Les influenceurs virtuels, dernière tendance du digital

Les leçons à tirer de la crise sanitaire sont nombreuses, notamment en ce qui concerne nos modes de vie qui ont radicalement changé à cause d’un être microscopique.

Devant des mois de confinement entre quatre murs, le digital était la seule échappatoire pour des milliards de personnes ; découvrant ainsi l’importance du monde virtuel qui est bien installé pour durer. Ce futur monde virtuel nommé « Métavers »  sur lequel travaille les magnats du digital à l’instar de Mark Zuckerberg, sera peuplé à l’avenir par des influenceurs virtuels qui existent déjà en dehors de ce cadre.

Déjà au nombre de 130 dans les quatre coins du globe, les statistiques leur attribuent une part de marché de 13,8 milliards de dollars en 2021. Avec leur éthique de travail infaillible, éternellement jeunes, à l’affût des dernières tendances et loin des scandales ; les influenceurs virtuels créés par des ordinateurs sont extrêmement populaires auprès des adolescents en Asie. Ils connaissent un essor fulgurant après la pandémie, puisqu’ils échappent aux limitations qui peuvent parfois s’imposer aux humains. Ils ont ainsi pu contourner les censures dans des pays qui avancent l’immoralité pour s’ingérer dans le monde digital.

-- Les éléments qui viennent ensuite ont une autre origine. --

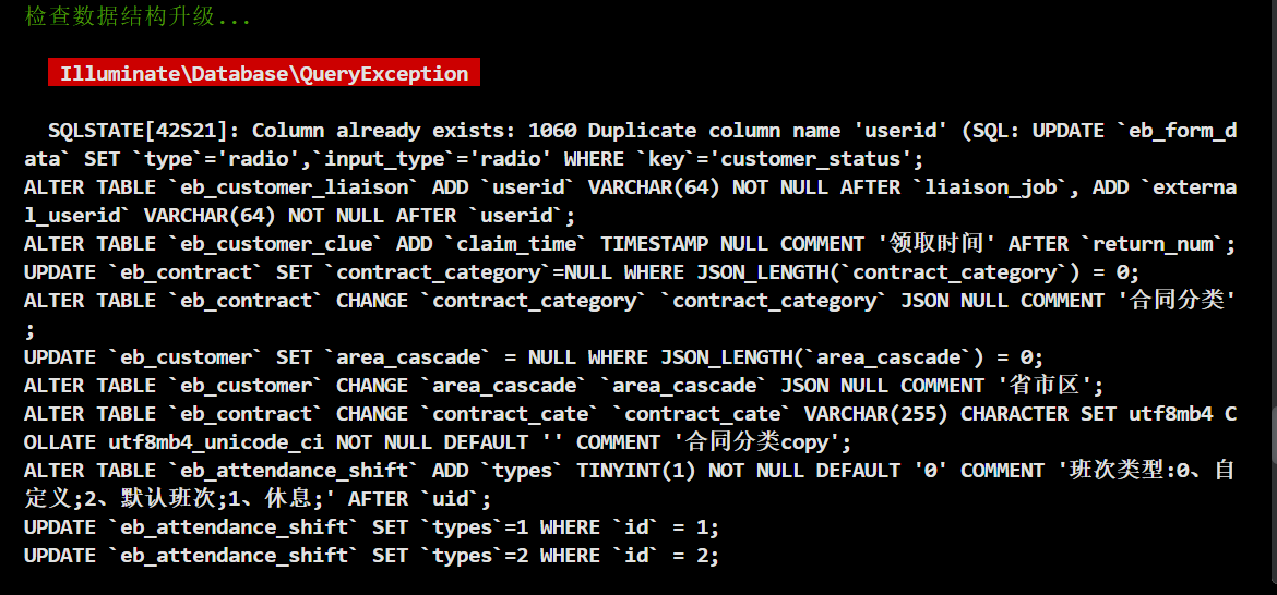 陀螺匠2.1升级2.2,提示错误如下,错误截图如下:到数据结构升级下面开始出错,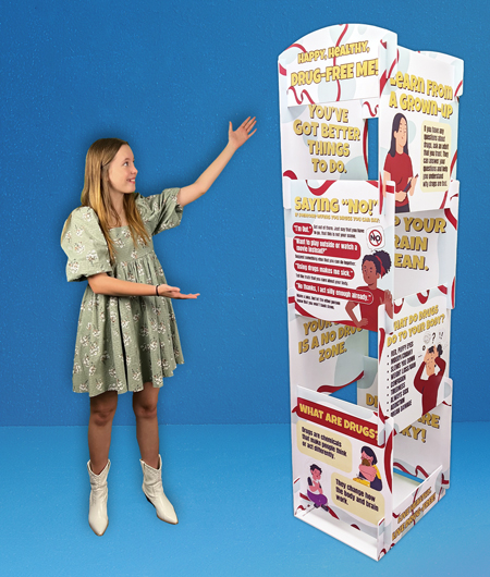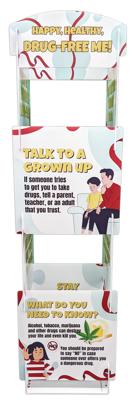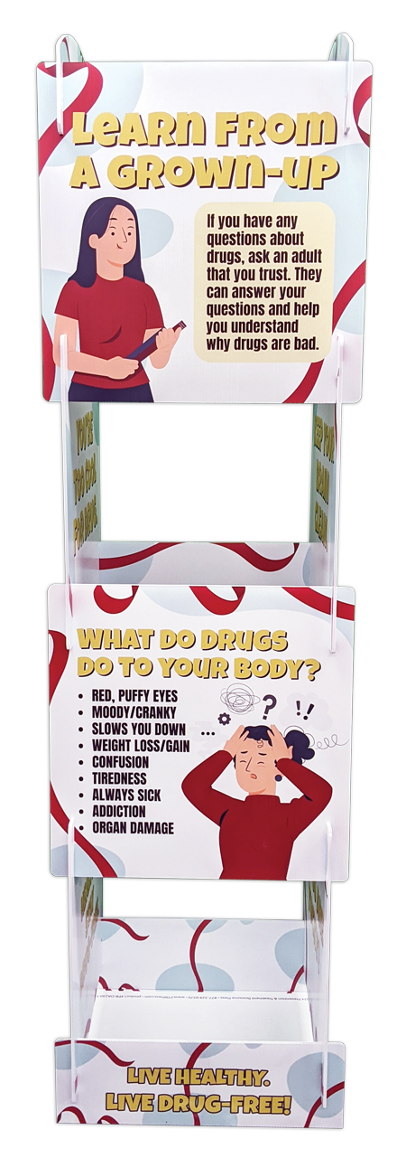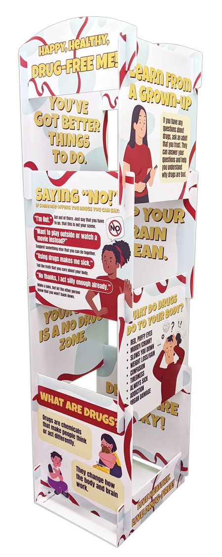 Make Red Ribbon Week unforgettable with our “Healthy, Happy, Drug-Free Me” Info Tower. This tower display is an interactive experience! Kids will love the bright, bold images and easy-to-understand messages that encourage them to make healthy choices. It transforms the concept of drug prevention into an exciting adventure, sparking curiosity and promoting positive decision-making in a way that’s fun and relatable.

Actuellement, plusieurs stars ont émergé dans le secteur des influenceurs virtuels comme c’est le cas du plus riche d’entre eux Lil Miquela ; robot basé à Los Angeles qui réalise 7000 dollars par publication pour des grandes marques comme Prada ou Calvin Klein. De son côté Bangkok Naughty Boo a décroché son contrat avec une agence de mannequinat alors que Ai-Ailynn est devenue l’égérie d’un opérateur de téléphonie mobile. Des influenceurs virtuels qui servent aussi des intérêts d’ordre public, comme quand ils ont été utilisés par l’Organisation Mondiale de la Santé pour diffuser des messages d’information sur le COVID 19. Et c’était Knox Forest suivi par 700000 personnes sur Instagram, qui représentait cette organisation dans sa lutte contre le virus.

Un avenir brillant s’annonce pour les influenceurs virtuels qui concurrencent déjà la version réelle du concept. Mais plusieurs détracteurs avancent les limites de ce phénomène avec l’absence de ce côté authentique et réelle, qui fonde l’attrait même des influenceurs.